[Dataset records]
_ _ _ _
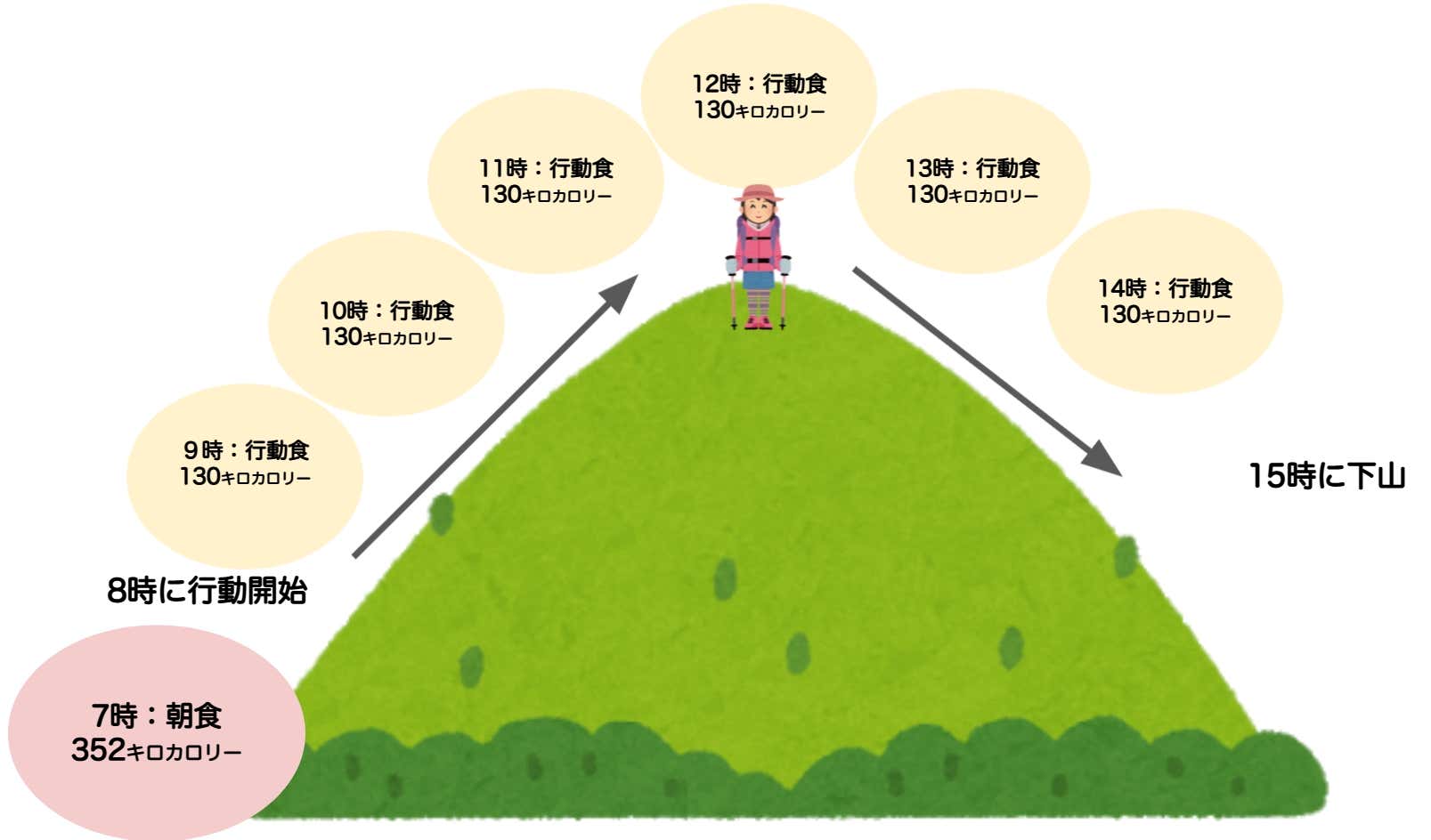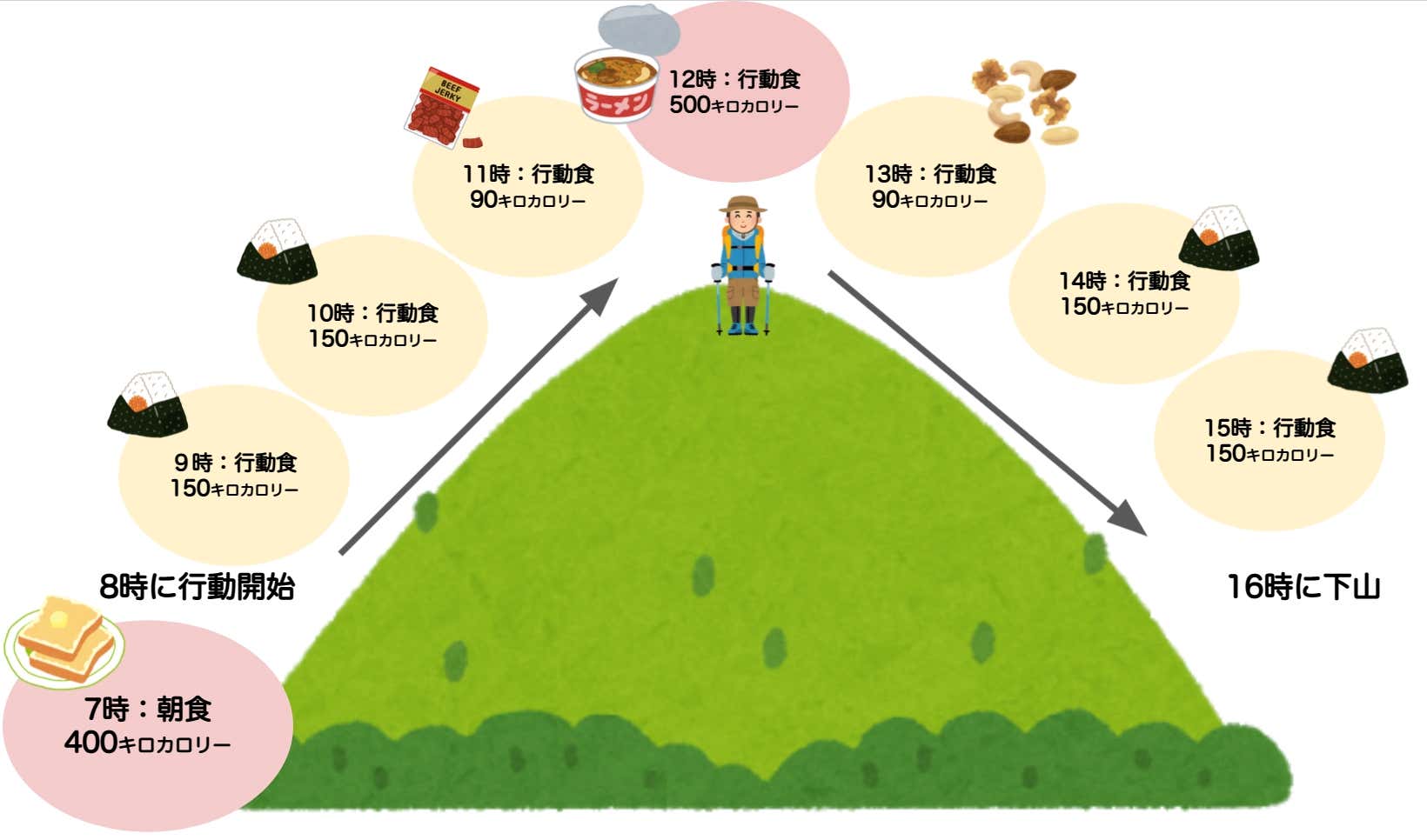 吸収できるエネルギー量にも限界があるため、必要な量を知って、1〜2時間ごとに細かく分けて摂取していくのがコツです。そのため、山での食事は昼食(お昼にまとめて食べるご飯)というワードを使うのではなく、小刻みに行動中に食べる「行動食」というのが一般的。
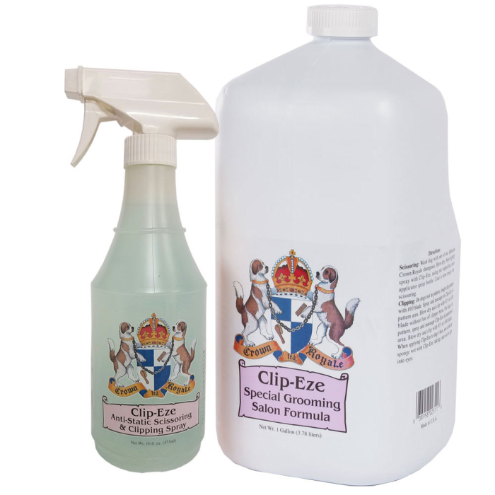 Crown Royale Clip-Eze is formulated to lubricate hair, prevent clipper burn and eliminate static, making scissoring and clipping your dog a pleasure. This amazing product can also cut your trimming time in half! Helps scissors will stay sharp and lubricated.
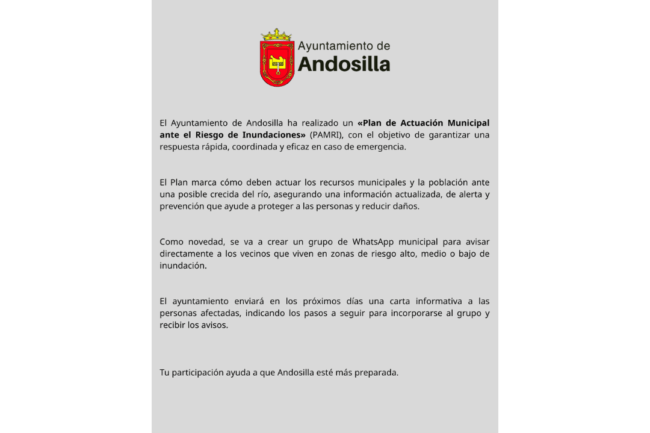 Comunicado del Ayuntamiento: «Plan de Actuación Municipal ante el Riesgo de Inundaciones» ComunicadosPor Carlos Resaoctubre 7, 2025
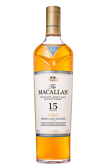 The Macallan Triple Cask Matured 15 Years Old forma parte de nuestra gama Triple Cask Matured, una serie de whiskys de malta elaborados en una combinación de tres tipos de barricas de roble europeo y americano que contuvieron jereces, y barriles de roble americano que guardaron bourbon. Una combinación perfecta que nos deja un Single Malt único con sabores vibrantes de naranja y chocolate. Un The Macallan con un estilo más ligero y un carácter más complejo. Este whisky se denominaba anteriormente Fine Oak 15 Years Old, y ofrece el mismo carácter extraordinariamente suave y delicado,
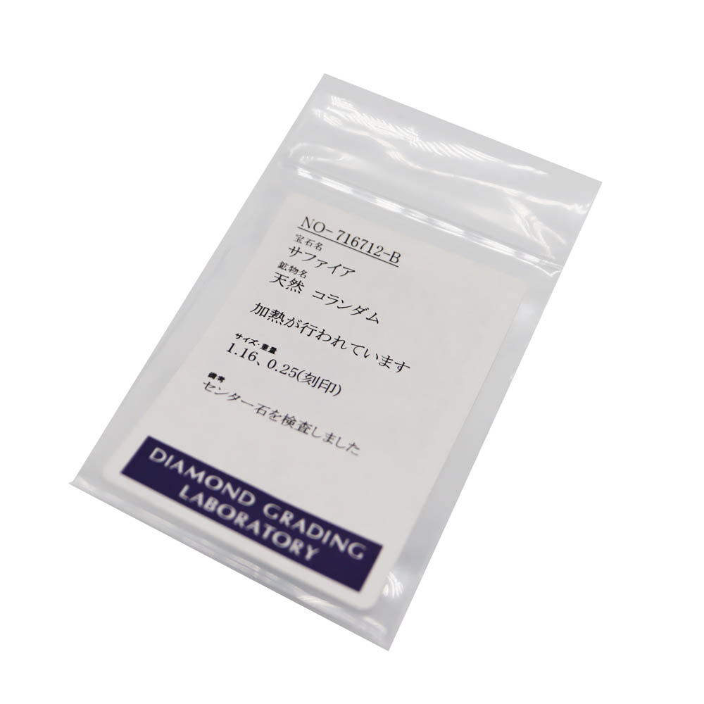 | 素材 | Pt850(プラチナ)/S1.16ct(サファイア)、D0.25ct(ダイヤモンド) |
_ _ _ _
PROMPT — Return only the lines from the line containing "Crown Royale Clip-Eze" through the last line of the records above, both ends included, exactly as written, leaving pictures out.

WRITTEN ANSWER —
 Crown Royale Clip-Eze is formulated to lubricate hair, prevent clipper burn and eliminate static, making scissoring and clipping your dog a pleasure. This amazing product can also cut your trimming time in half! Helps scissors will stay sharp and lubricated.
 Comunicado del Ayuntamiento: «Plan de Actuación Municipal ante el Riesgo de Inundaciones» ComunicadosPor Carlos Resaoctubre 7, 2025
 The Macallan Triple Cask Matured 15 Years Old forma parte de nuestra gama Triple Cask Matured, una serie de whiskys de malta elaborados en una combinación de tres tipos de barricas de roble europeo y americano que contuvieron jereces, y barriles de roble americano que guardaron bourbon. Una combinación perfecta que nos deja un Single Malt único con sabores vibrantes de naranja y chocolate. Un The Macallan con un estilo más ligero y un carácter más complejo. Este whisky se denominaba anteriormente Fine Oak 15 Years Old, y ofrece el mismo carácter extraordinariamente suave y delicado,
 | 素材 | Pt850(プラチナ)/S1.16ct(サファイア)、D0.25ct(ダイヤモンド) |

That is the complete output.